To address these problems, we propose a distributed crawler that uses the excess bandwidth and computing resources of clients to crawl the web. This co-operative crawler uses a Distributed Hash Table (DHT) as a scalable overlay for easy coordination and distribution of the crawl workload. In designing and building the crawler we study different crawl distribution strategies and investigate the tradeoffs in bandwidth utilization, crawl throughput, balancing load on the crawlers as well as crawl targets, and the ability to exploit network proximity. We present a design and implementation of the distributed crawler using PIER, a relational query processor that runs over the Bamboo DHT, and compare different crawl strategies on PlanetLab querying live web sources.

3:55 Caching Game
Marco Barreno and Byung-Gon Chun
[ppt,ps.gz,pdf] [ps.gz,pdf]
We introduce a novel game-theoretic model for caching to characterize the placement of replicated resources by server nodes that act selfishly.  Nodes incur cost for replicating resources, but if a node has demand for a resource it does not replicate, it incurs cost for access to a remote replica.
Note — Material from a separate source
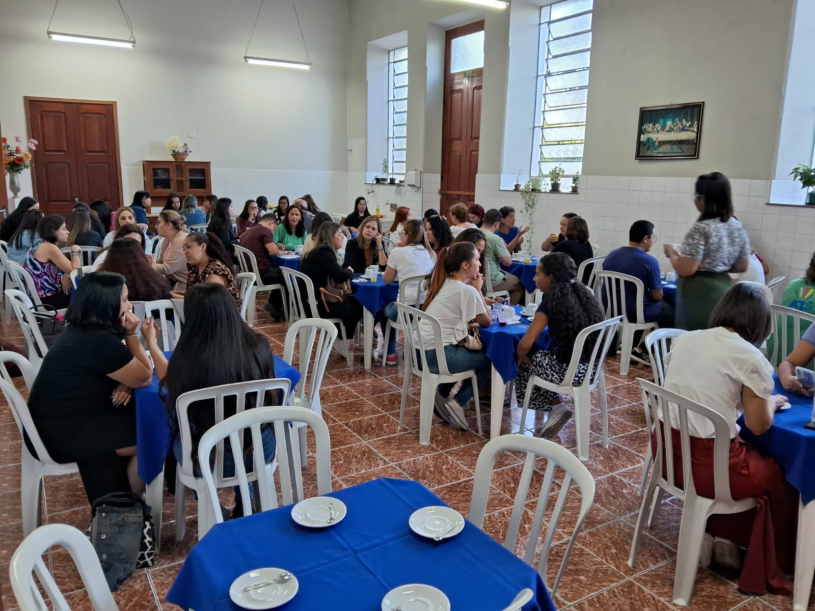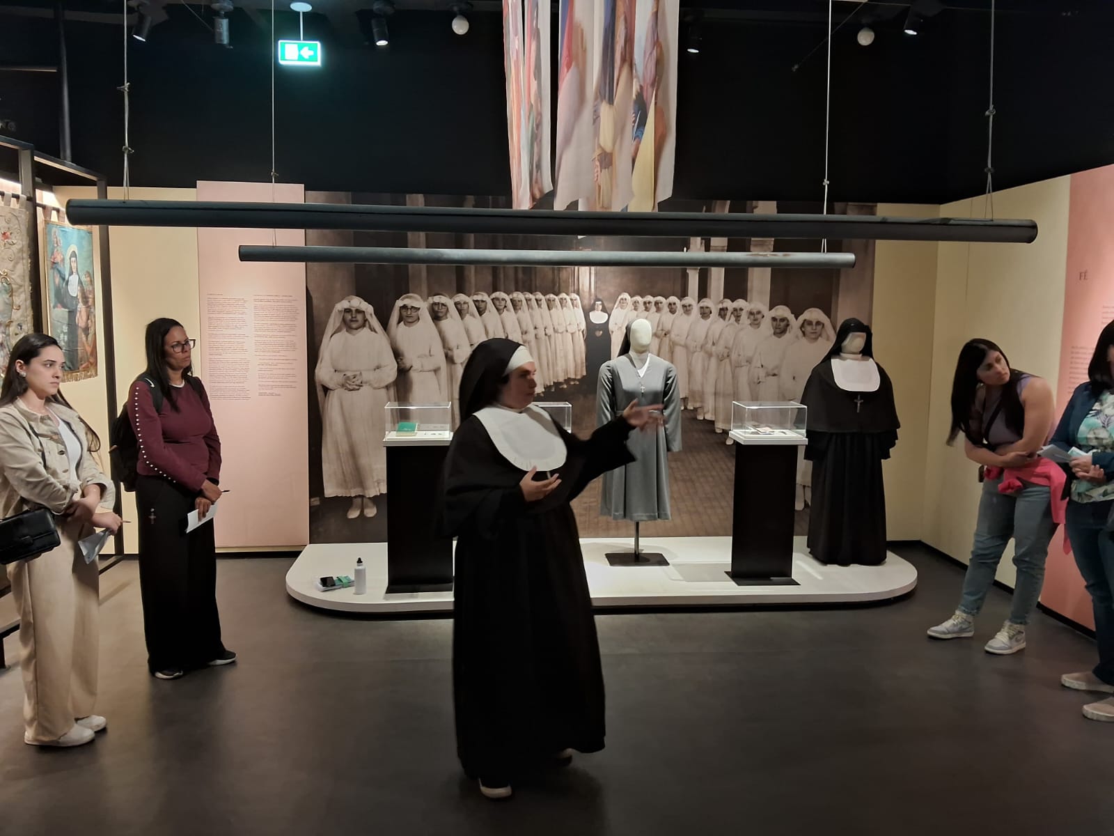 O período da tarde teve início com o almoço na primeira casa das FMA fundada no Brasil, o Instituto Nossa Senhora do Carmo, também localizada em Guaratinguetá - SP. Em seguida, em um clima de fraterna convivência, todos os educadores participantes se reuniram na capela do Colégio do Carmo para rezar e compartilhar suas percepções sobre as significativas experiências do período da manhã. Também visitaram outros espaços da escola, como a “Galeria” de fotos de todas as Diretoras desta primeira instituição salesiana no país, a “Sala de Memórias”, local que ilustra em suas paredes importantes registros fotográficos desde a fundação até os tempos atuais e o “Espaço São José”. Como recordação, a janela, a máquina de costura e o poço, figuras simbólicas da missão salesiana de Madre Mazzarello, foram esculpidas em singelas peças de madeira e entregues para cada educador(a), acompanhadas de um cartão expressando sincera “gratidão” pelos momentos vividos e compartilhados. No fim do dia, os agradecimentos pela rica «Experiência Mornesina» foram traduzidos em orações em uma linda celebração eucarística no Santuário Nacional de Nossa Senhora Aparecida (Aparecida - SP).

We investigate how the behavior of selfish servers compares with the social optimum.  We show that pure Nash equilibria exist for the game and the price of anarchy (cost of worst-case Nash equilibrium divided by cost of social optimum) can be O(n) in general due to undersupply problems. Under certain topologies, the price of anarchy does have tighter
bounds.  For complete graphs and stars, it is O(1). For D-dimensional grids, it is O(n1-(1/(D+1))). There are important phase transitions in the price of anarchy, such as when the placement cost exceeds the network diameter. We use extensive simulations to investigate how the price of anarchy changes as we vary the demand distribution, underlying physical topology, installation cost, and maintenance cost of replicated resources.